Four Gallup, New Mexico, youths allegedly encountered what they called a "werewolf" along the side of a road near Whitewater one day in January 1970. It managed to pace with their car, which was traveling at 45 miles per hour. One witness reported, "It was about five feet seven, and I was surprised it could go so fast. At first I thought my friends were playing a joke on me, but when I found out they weren't, I was scared! We rolled up the windows real fast and locked the doors of the car. I started driving faster, about 60, but it was hard because that highway has a lot of sharp turns. Someone finally got a gun out and shot it. I know it got hit and it fell down, but there was no blood. I know it couldn't be a person because people cannot move that fast."

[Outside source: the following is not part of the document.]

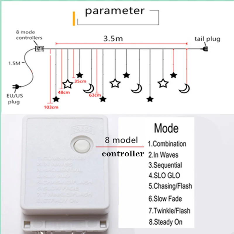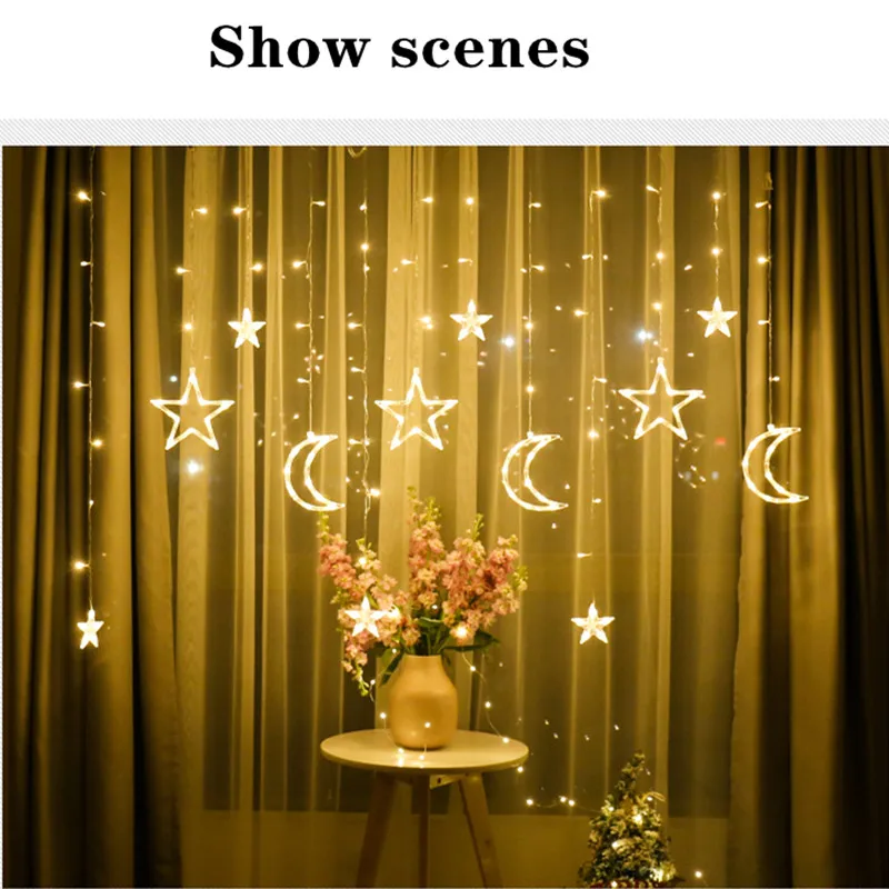 ИД Мубарак Луна, Звезды Рождественская гирлянда светодиодный занаве...
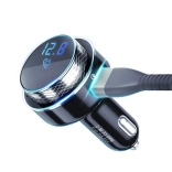 Enjoy your drive to the beat of your favorite music with this universal in-car FM transmitter. It offers clear and stable sound, pairing via Bluetooth, hands-free calling, two USB‑A ports up to 30 W, and LED backlight for easy use in the dark. It supports QC 3.0 fast charging and also works as a voltmeter to monitor the car’s electrical system voltage.

This sounds like a "skin-walker," the name the Navahos of the Southwest give to the werewolf. In 1936, in Yale Publications in Anthropology, anthropologist William Morgan recounted an interview with a Navaho identified only as Hahago. Hahago said of skin-walkers, "They go very fast.... They can go to Albuquerque in an hour and a half--a four-hour trip by automobile, according to Morgan.
In the fall of 1973 western Pennsylvania played host to dozens of reports of strange apelike creatures, sometimes seen in association with UFOs, said to have (in one witness's words) "fire red eyes that glowed in total darkness," to be seven to eight feet tall, and to give off a strong, unpleasant odor. "Another type of creature," investigator Stan Gordon noted, "was said to be between five and six feet tall. It was described as looking just like an extremely muscular man with a covering of thick dark hair. Again in these reports, the arms were very long and hung down past the knees. This creature appeared to have superior agility exceeding that of a deer. From footprints discovered, the stride of the creatures varies between 52 and 57 inches. In these reports there was no indication of odors." Two sketches published in Flying Saucer Review (July 1974, page 5) show these creatures to bear a striking resemblance to the traditional werewolf, though neither witnesses nor investigators remarked on the fact.

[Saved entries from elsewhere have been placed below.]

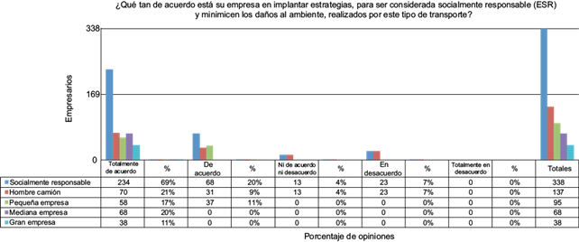 Como se puede observar en la figura 4, el 89 % de los empresarios están a favor de implantar estrategias para que sus compañías sean consideradas socialmente responsables y minimizar daños al ambiente. Manifestaron que mejorarán en la medida de lo posible sus chasises y carrocerías, para asegurar la vida útil de sus vehículos en beneficio de sus clientes; además de generar un impacto social positivo a través de la cooperación entre los transportistas, gobierno y ciudadanía para mejorar su contexto. Es importante, como mencionan Chirinos et al. (2013), que las empresas socialmente responsables sean organizaciones inteligentes que comprendan el valor del bien común y no conciban otra forma de desarrollo que no sea la sostenibilidad; la ética debe ser la guía para hacer las cosas bien, pero hay que ir más allá, para retribuir al entorno y a la sociedad los beneficios obtenidos.
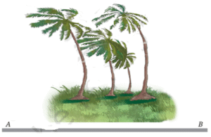 - The bending of trees due to wind, as shown in the figure suggest that wind is blowing in the direction from B to A. This suggests 'A' side is land.
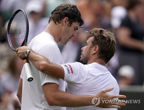 epa07692131 Reilly Opelka (L) of the USA celebrates winning against Stan Wawrinka of Switzerland in their second round match during the Wimbledon Championships at the All England Lawn Tennis Club, in London, Britain, 03 July 2019. EPA/WILL OLIVER EDITORIAL USE ONLY/NO COMMERCIAL SALES
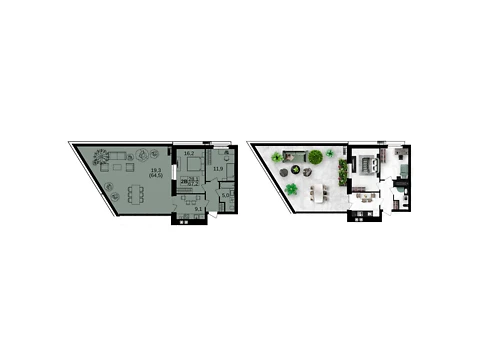 Эта современная комфортная планировка 2-комнатной квартиры с зонами для досуга и работы. Площадь 2-комнатной квартиры - 67.7 м².
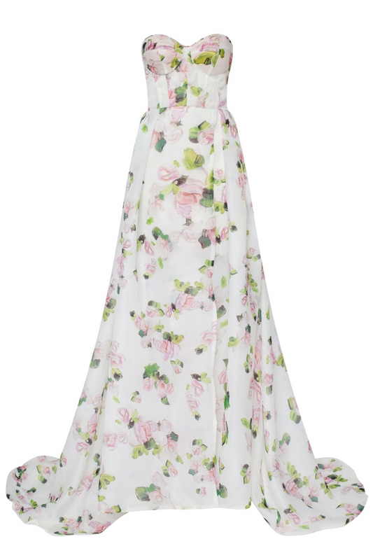 Apple Blossom Floral Puff Sleeve Maxi Dress
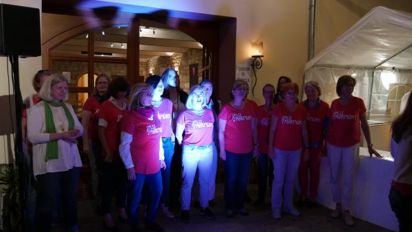 Es ist immer wieder erstaunlich festzustellen, welche Fähigkeiten unsere Chormitglieder haben. Im September haben unsere Mitsängerinnen Helgard und Blanca uns überrascht. Die beiden haben wir mit der Organisation unseres jährlichen Probenwochenendes beauftragt. Wir waren auf arbeitsame und karge Tage im gewohnten Jugendherbergsambiente eingestellt. Statt dessen haben die beiden uns ein echtes Event-Wochenende geplant. Übernachten im Weingut, proben im Kulturgut , in den Singpausen und abends Weinprobe, inkl. Konzert und MissHarmony Kurzauftritt. Das Ganze im Ambiente eines idyllischen rheinhessischen Weindorfs. Und was wir alles gelernt haben. Wir können jetzt nicht nur alle Barbershop-Stücke perfekt, sondern auch 10 verschiedene deutsche Weine am Geschmack erkennen. Die Latte liegt jetzt hoch und die beiden haben den Job jetzt. Wo fahren wir im nächsten Jahr hin?
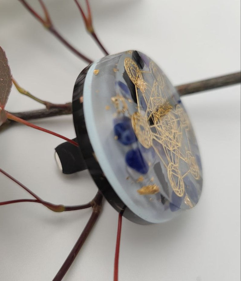 Ein goldenes Metatrons-Würfel Symbol ziert die obere Schicht. Darunter liegen Sodalith, Bergkristall, Amethyst und Shungit. In den Farbschichten befinden sich Eisenoxid, Bergkristallpulver, Agnihotraasche, Kupfer, Messing und Eisen.

If these stories are not outright hoaxes, they clearly indicate the presence of extraordinary, otherworldly creatures which challenge consensus views of reality. On the other hand, in some cases it is possible both to believe the witnesses and to keep one's ties to reality intact. In the Delphos, Kansas, area during July 1974, for example, several persons encountered what a newspaper described as a "young child about 10 or 12 years old, with blood, matted hair, dressed in tattered clothing, running through vines and brush in a wooded area in the northwest edge of Delphos." She was dubbed the "wolf girl." Though local authorities never found her, she may well have existed, probably as a mentally retarded runaway or abandoned child.

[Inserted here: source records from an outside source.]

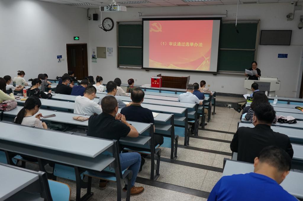 大会在庄严的国歌声中拉开序幕。首先,法学院第二届工会主席张弘代表上一届工会委员会作报告。张弘主席回顾了上一届工会委员会任期内,学院工会在党总支的领导下,组织全院教职工在教代会中踊跃提案,关注教职工的切身利益,大力支持学院、学校的发展;积极建设职工小家,为教职工提供舒适便利的工作环境;多次开展健步走、摄影展等活动,组织教职工参加学校组织的各类文体活动,丰富教职工课余生活,增强学院凝聚力。接着,张弘主席作工会会费使用情况报告,详细报告了其任期内每年工会会费的收支情况。随后,大会按照流程审议通过选举办法和监票人、计票人名单,选举产生了新一届工会委员会委员。
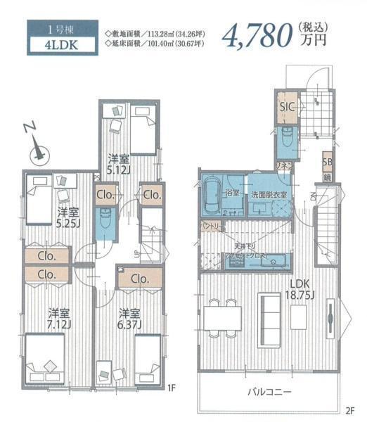 113.28㎡(34.26坪)物件名称 | 西野川1丁目Ⅴ 1号棟 |
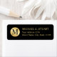 Ein elegantes Schwarz-Gold-Design mit Namen und Adresse im beruflichen Schriftart-Stil mit schwarzem Monogramm auf goldenem Kreis auf schwarzem Hintergrund. Bitte beachten Sie : Die Details der Folie werden im Kunstwerk simuliert. Bei der Herstellung dieses Produktes wird keine Folie verwendet.
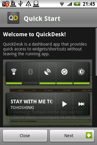 | Quick Desk installiert sich als alternativer Homescreen — ist aber keiner. Aufgerufen wird der Quick Desk durch einen Doppelklick auf den ‘Home’ Knopf. Damit das funktioniert muss sich Quick Desk als aktiver Startbildschirm registrieren. Drückt man ihn nur kurz leitet Quick Desk den Aufruf an die gewohnte bzw. eine einstellbare Startbildschirmanwendung weiter ohne selbst aktiv zu werden. Eine wirklich praktische Erweiterung! |
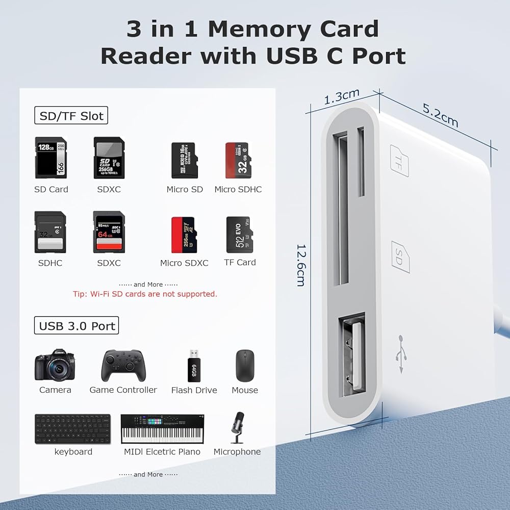 • 【افعل الأفضل】باستخدام محول USB C إلى USB مع قارئ بطاقات SD/TF، ​​سوف يمنحك المزيد من الراحة. نصائح ودية: لا يمكن قراءة بطاقة SD وبطاقة Micro في وقت واحد، ولكن يمكن التعرف على بطاقة SD/Micro وجهاز USB المحيطي في وقت واحد.

Some medically educated theorists have suggested that sightings of werewolves really were of individuals afflicted with a rare genetic disease called porphyria. Porphyria sufferers experience tissue destruction in the face and fingers, skin lesions, and severe photosensitivity. Their facial skin may take on a brown pigmentation, and they may fall victim to personality disorders. The aversion to light, plus the physical disfigurement, may lead the victim to wander about only at night. "These features," British neurologist L. Illis wrote in a 1964 issue of Proceedings of the Royal Society of Medicine, "fit well with the description, in older literature, of werewolves."